Fluorescent images obtained by conventional and confocal laser scanning microscopy were evaluated from hundreds of cells of different transgenic lines exhibiting both high and low levels of expression of AtKCO1–GFP. The images shown here represent the typical distribution of GFP fluorescence in transgenic BY2 cells. No detectable signal was present in non-transgenic tobacco cells (data not shown). The confocal images shown in Figure 4 indicate that signal from AtKCO1–GFP was excluded from the nuclear compartment, but was present as a single fluorescent line surrounding the large central vacuole. Frequently, individual cells contained multiple small vacuoles labelled by GFP fluorescence. The presence of multiple vacuoles is a common feature of BY2 cells (J.-M. Neuhaus, personal communication). Additionally, in some cells containing a single large vacuole, a network of connecting strands most similar to transvacuolar strands (Shimmen et al., 1995) was found to exhibit GFP fluorescence (not shown). GFP fluorescence was totally excluded from the plasma membrane, as illustrated in Figure 4(a,b), where bright-field and fluorescence images are shown for the same cell.

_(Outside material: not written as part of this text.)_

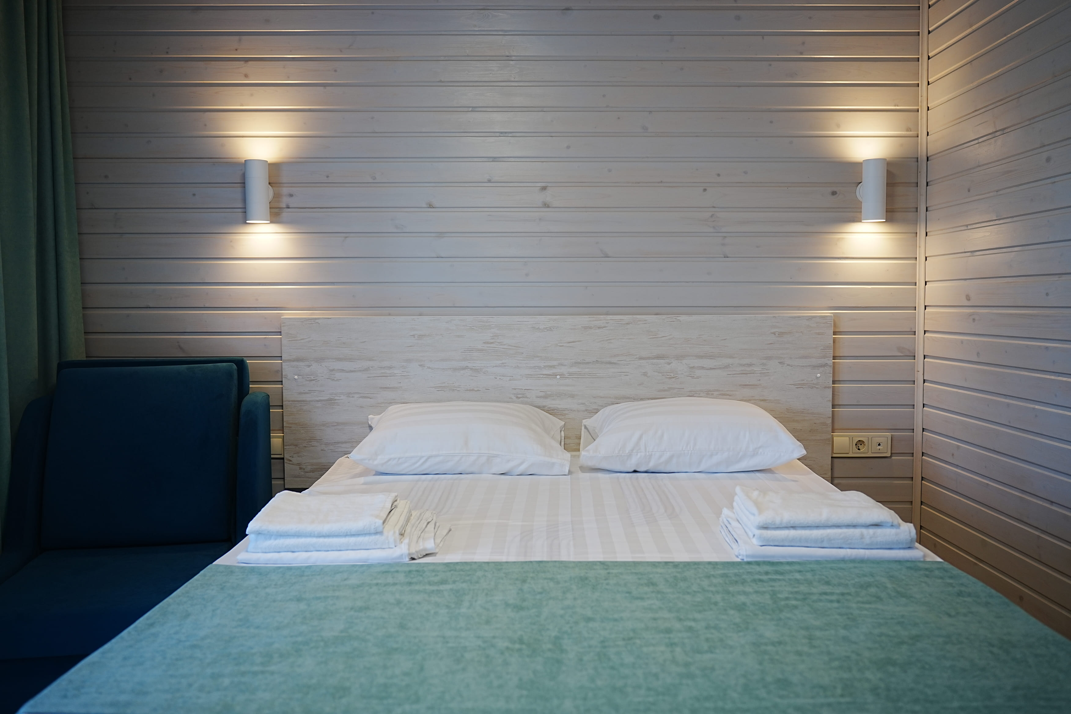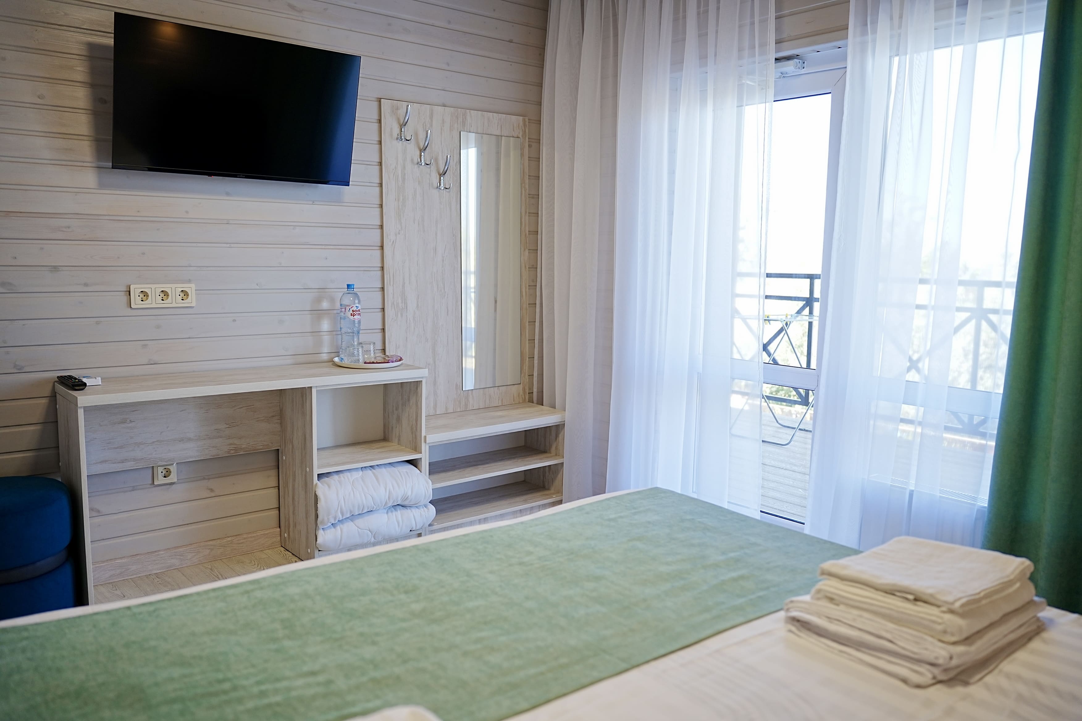 Снять жилье у моря в ПРО Пересыпь: комфорт для троих гостей Стандартный номер – это идеальный выбор для компании из трех человек. Просторный, светлый и стильно оформленный, он создает атмосферу уюта и расслабления, которая так необходима для полноценного отдыха. Удобство и комфорт В номере вас встретит удобная двуспальная кровать которая обеспечит комфортный сон после насыщенного дня. Для третьего гостя предусмотрено раскладное кресло — практичное и удобное решение. Лаконичный дизайн интерьера, выполненный в спокойных тонах, создает ощущение гармонии и помогает полностью отключиться от городской суеты. Из панорамного окна номера открывается вид на бассейн. Представьте: утром вы просыпаетесь под мягкие лучи солнца, а вечером наслаждаетесь закатом, наблюдая за игрой света на воде. Это ли не идеальное начало и завершение дня? Что есть в номере? Стандартный номер оснащен всем необходимым для комфортного пребывания: Москитная сетка — чтобы ваш отдых не омрачали насекомые; Душ — свежесть и бодрость в любое время суток; Телевизор — для вечернего просмотра любимых фильмов или сериалов; Бесплатный Wi-Fi — чтобы оставаться на связи с близкими или делиться впечатлениями в соцсетях; Мини-бар — чтобы утолить жажду или перекусить после пляжа. Кроме того, в вашем распоряжении будут: Мягкие полотенца — для комфорта после душа или посещения бассейна; Фен — для тех, кто ценит удобство и экономию времени. Почему стоит выбрать стандартный номер? Отличное решение для тех, кто ценит комфорт и практичность по хорошей цене. Здесь вы найдете все, что нужно для отдыха, и сможете насладиться временем, проведенным у моря. Отдых в Пересыпи Пересыпь — это место, где можно отдохнуть от городской суеты, насладиться теплым морем и почувствовать себя частью природы. Забронируйте стандартный номер уже сегодня и подарите себе незабываемый отдых в Пересыпи!

To further prove association of AtKCO1–GFP fluorescence with the tonoplast, vacuoles were released from protoplasts of transgenic BY2 cells and analysed using conventional fluorescence microscopy. Strong GFP fluorescence was observed in the vacuolar membrane (Figure 4c,d). The images also show a slight GFP fluorescence within the vacuoles, probably resulting from emission of additional optical layers which are not excluded in conventional microscopy.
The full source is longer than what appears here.